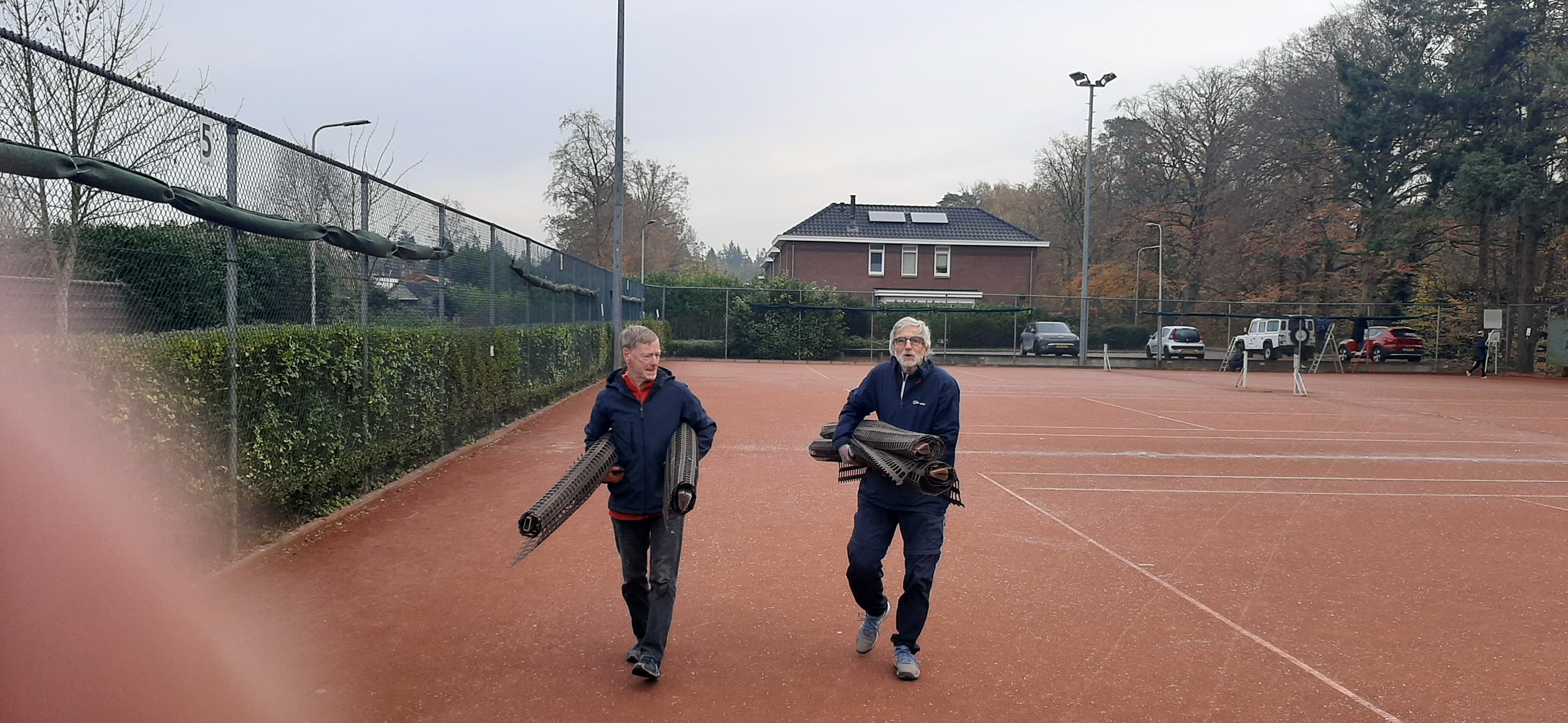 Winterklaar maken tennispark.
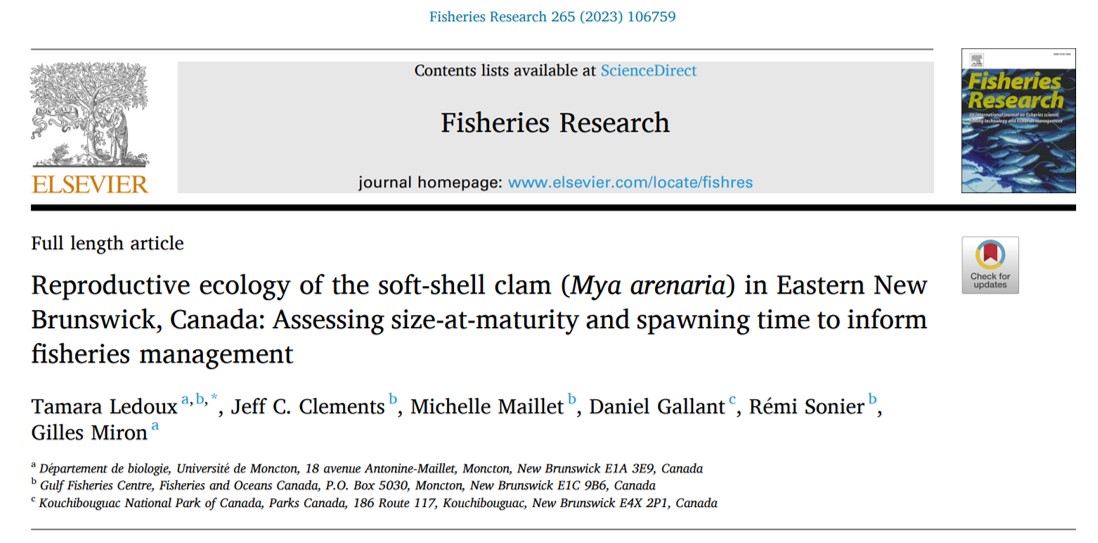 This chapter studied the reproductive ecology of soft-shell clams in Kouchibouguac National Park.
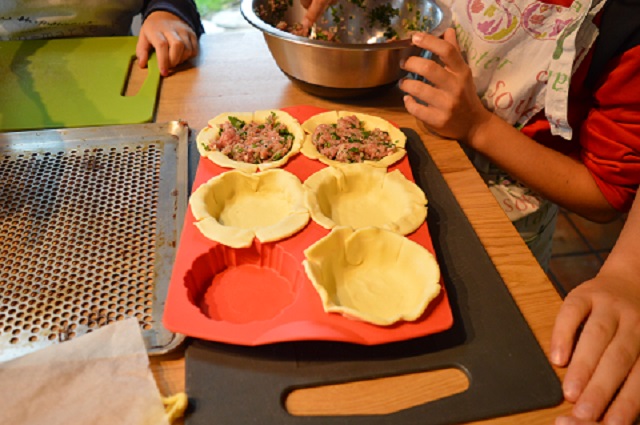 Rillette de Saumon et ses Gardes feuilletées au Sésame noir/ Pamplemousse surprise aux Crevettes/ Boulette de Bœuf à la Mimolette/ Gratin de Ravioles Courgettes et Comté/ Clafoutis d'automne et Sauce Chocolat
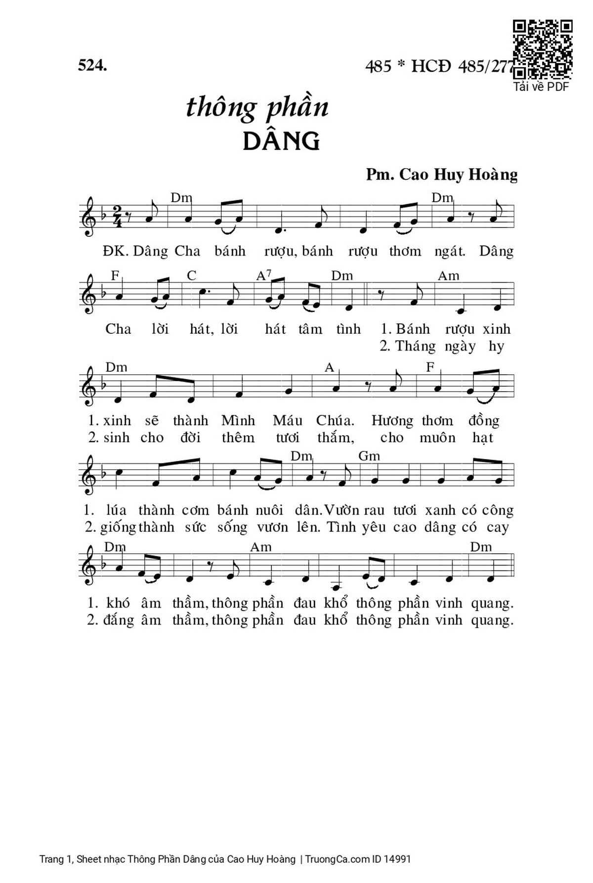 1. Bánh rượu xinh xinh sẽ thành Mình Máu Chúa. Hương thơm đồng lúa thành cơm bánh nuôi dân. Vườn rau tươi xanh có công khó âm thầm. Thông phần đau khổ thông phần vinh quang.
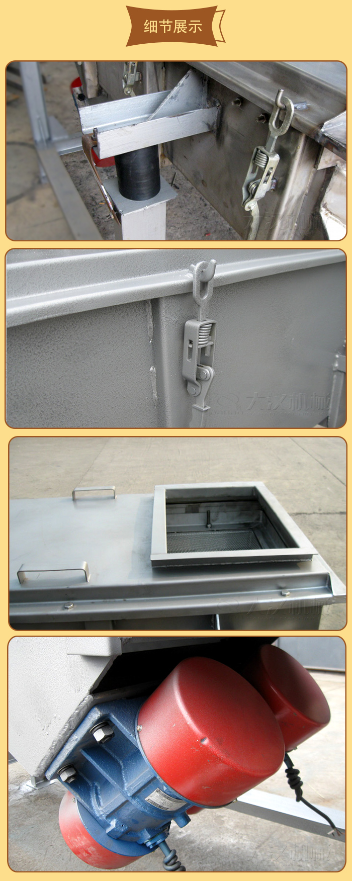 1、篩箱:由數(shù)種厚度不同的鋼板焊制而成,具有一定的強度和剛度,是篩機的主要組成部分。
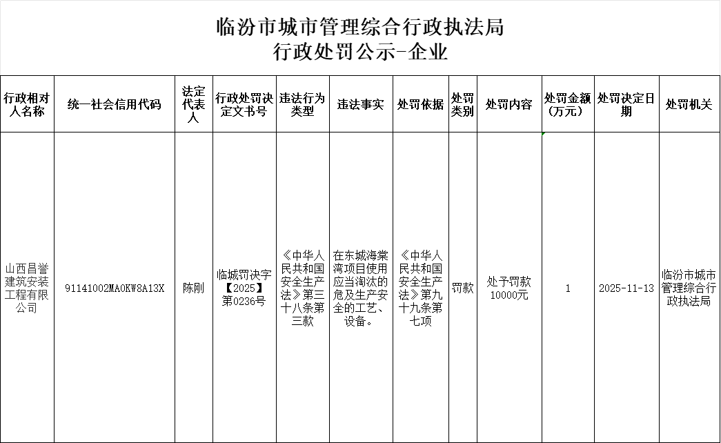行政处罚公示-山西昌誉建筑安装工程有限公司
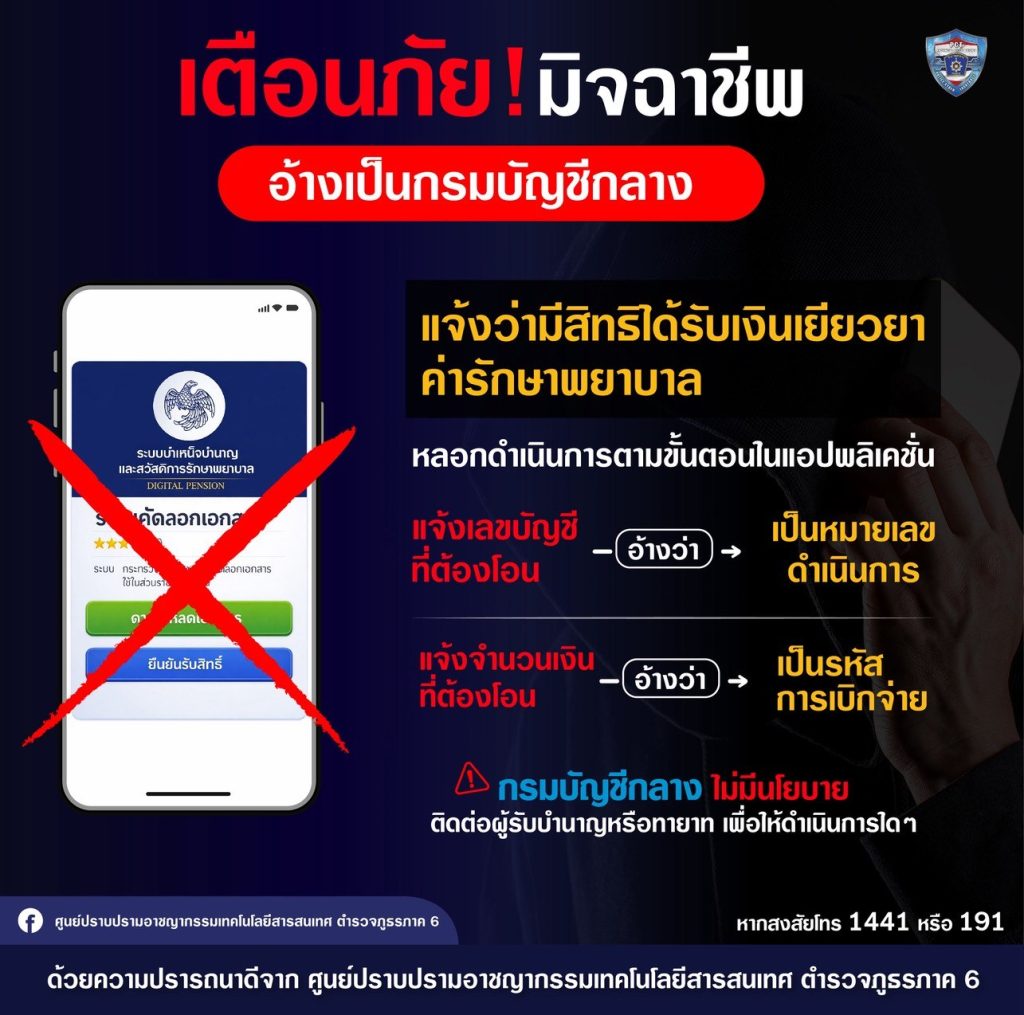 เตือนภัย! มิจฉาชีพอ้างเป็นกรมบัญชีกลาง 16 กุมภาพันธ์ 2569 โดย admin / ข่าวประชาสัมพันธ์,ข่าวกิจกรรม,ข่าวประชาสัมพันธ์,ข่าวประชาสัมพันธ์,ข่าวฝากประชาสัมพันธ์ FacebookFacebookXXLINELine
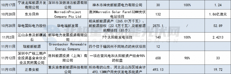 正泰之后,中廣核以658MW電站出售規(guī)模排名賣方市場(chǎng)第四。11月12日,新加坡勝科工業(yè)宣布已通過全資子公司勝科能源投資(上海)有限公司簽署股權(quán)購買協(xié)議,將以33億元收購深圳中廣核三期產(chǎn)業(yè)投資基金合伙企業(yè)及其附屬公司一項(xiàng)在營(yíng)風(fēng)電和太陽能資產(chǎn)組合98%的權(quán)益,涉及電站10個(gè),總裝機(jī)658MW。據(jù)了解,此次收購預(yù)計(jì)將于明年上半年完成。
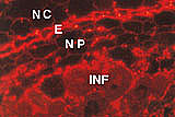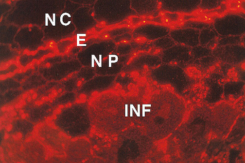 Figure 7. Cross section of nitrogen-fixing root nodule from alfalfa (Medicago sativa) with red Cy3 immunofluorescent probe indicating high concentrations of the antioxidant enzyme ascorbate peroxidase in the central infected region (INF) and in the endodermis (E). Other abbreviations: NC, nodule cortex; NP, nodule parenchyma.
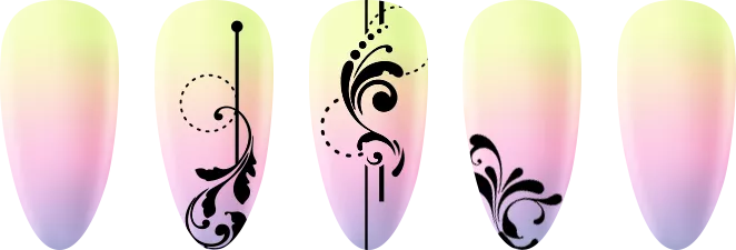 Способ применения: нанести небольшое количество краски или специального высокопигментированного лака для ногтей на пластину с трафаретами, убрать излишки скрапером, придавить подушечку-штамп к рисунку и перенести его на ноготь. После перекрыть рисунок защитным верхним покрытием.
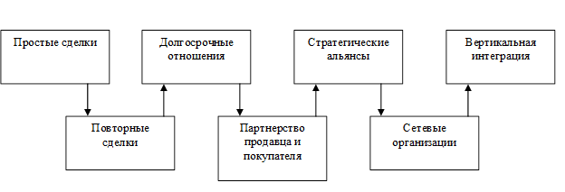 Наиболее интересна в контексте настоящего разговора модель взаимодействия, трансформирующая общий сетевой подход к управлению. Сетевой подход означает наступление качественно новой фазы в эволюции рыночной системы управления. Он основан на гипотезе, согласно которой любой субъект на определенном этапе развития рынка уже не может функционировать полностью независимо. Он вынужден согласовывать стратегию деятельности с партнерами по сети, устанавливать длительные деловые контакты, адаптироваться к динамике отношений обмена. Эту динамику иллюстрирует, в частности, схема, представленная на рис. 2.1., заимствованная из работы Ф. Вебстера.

+ + + + +

[What needs to be done] Exactly as written, print each entry, leaving all pictures out.

[Completed exercise]
 Winterklaar maken tennispark.
 This chapter studied the reproductive ecology of soft-shell clams in Kouchibouguac National Park.
 Rillette de Saumon et ses Gardes feuilletées au Sésame noir/ Pamplemousse surprise aux Crevettes/ Boulette de Bœuf à la Mimolette/ Gratin de Ravioles Courgettes et Comté/ Clafoutis d'automne et Sauce Chocolat
 1. Bánh rượu xinh xinh sẽ thành Mình Máu Chúa. Hương thơm đồng lúa thành cơm bánh nuôi dân. Vườn rau tươi xanh có công khó âm thầm. Thông phần đau khổ thông phần vinh quang.
 1、篩箱:由數(shù)種厚度不同的鋼板焊制而成,具有一定的強度和剛度,是篩機的主要組成部分。
行政处罚公示-山西昌誉建筑安装工程有限公司
 เตือนภัย! มิจฉาชีพอ้างเป็นกรมบัญชีกลาง 16 กุมภาพันธ์ 2569 โดย admin / ข่าวประชาสัมพันธ์,ข่าวกิจกรรม,ข่าวประชาสัมพันธ์,ข่าวประชาสัมพันธ์,ข่าวฝากประชาสัมพันธ์ FacebookFacebookXXLINELine
 正泰之后,中廣核以658MW電站出售規(guī)模排名賣方市場(chǎng)第四。11月12日,新加坡勝科工業(yè)宣布已通過全資子公司勝科能源投資(上海)有限公司簽署股權(quán)購買協(xié)議,將以33億元收購深圳中廣核三期產(chǎn)業(yè)投資基金合伙企業(yè)及其附屬公司一項(xiàng)在營(yíng)風(fēng)電和太陽能資產(chǎn)組合98%的權(quán)益,涉及電站10個(gè),總裝機(jī)658MW。據(jù)了解,此次收購預(yù)計(jì)將于明年上半年完成。
 Figure 7. Cross section of nitrogen-fixing root nodule from alfalfa (Medicago sativa) with red Cy3 immunofluorescent probe indicating high concentrations of the antioxidant enzyme ascorbate peroxidase in the central infected region (INF) and in the endodermis (E). Other abbreviations: NC, nodule cortex; NP, nodule parenchyma.
 Способ применения: нанести небольшое количество краски или специального высокопигментированного лака для ногтей на пластину с трафаретами, убрать излишки скрапером, придавить подушечку-штамп к рисунку и перенести его на ноготь. После перекрыть рисунок защитным верхним покрытием.
 Наиболее интересна в контексте настоящего разговора модель взаимодействия, трансформирующая общий сетевой подход к управлению. Сетевой подход означает наступление качественно новой фазы в эволюции рыночной системы управления. Он основан на гипотезе, согласно которой любой субъект на определенном этапе развития рынка уже не может функционировать полностью независимо. Он вынужден согласовывать стратегию деятельности с партнерами по сети, устанавливать длительные деловые контакты, адаптироваться к динамике отношений обмена. Эту динамику иллюстрирует, в частности, схема, представленная на рис. 2.1., заимствованная из работы Ф. Вебстера.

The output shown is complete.